It’s a good day to be a Louisiana World Maker and Terrance is next level honored and humbled to receive this unrestricted grant as one of 32 other amazing artists/culture bearers from an array of disciplines. Being in the arts as long as we have, we understand how often BIPOC artists are NOT funded.
So do the righteous folks at the Foundation for Louisiana, and what we had to read, and re-read was this on the application:
“this grant also intends to level the deep divide in arts funding for BIPOC artists.”
WOW! We’ve submitted some grant applications in our time and never, ever saw this language. This is both radical and revolutionary, and we are in awe.
From the Foundation for Louisiana website:
“We believe that being a culturally rooted Louisiana artist can be a radical act. We believe that resourcing artists and culture bearers to do their work in Louisiana is absolutely essential to the wellbeing — cultural, social, political, communal, spiritual, and ecological — of Louisiana. In order to create a more just Louisiana, we must ensure that artists and culture bearers, especially those who are born and raised in Louisiana, have the ability to stay and thrive in their communities.
Following a competitive open call and peer review panel process, Foundation for Louisiana’s inaugural round of arts and culture grantmaking, the Louisiana World Makers Awards, has been awarded. 32 Louisiana artists, cultural workers and tradition bearers across the state of Louisiana will receive a total of $320,000 in unrestricted funds to support the visionary creative work that helps point our communities toward justice while explicitly identifying artists and culture bearers as critical to liberation work throughout the state.
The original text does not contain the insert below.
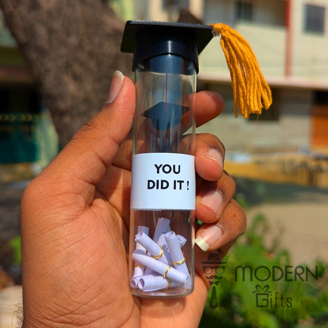 Celebrate the proud moment of graduation with our Graduation Bottle—a unique and memorable gift for every graduate! This special bottle comes with a stylish graduation hat on top, symbolizing success and achievement. It is beautifully designed with inspiring quotes that reflect the hard work and dedication of the graduate.

The World Makers awards will support a broad array of creative disciplines of those whose artistic and cultural work addresses climate impacts, mass incarceration, cultural memory and legacy, or displacement and erasure of Black and Indigenous communities. Over 360 artists applied for this first-time opportunity from FFL. Priority was given to Black artists, Indigenous artists, and artists of color born, raised, and/or with generational ties to Louisiana. Additional priority was given to elder artists and culture bearers, and transgender and gender-nonconforming artists and culture bearers.”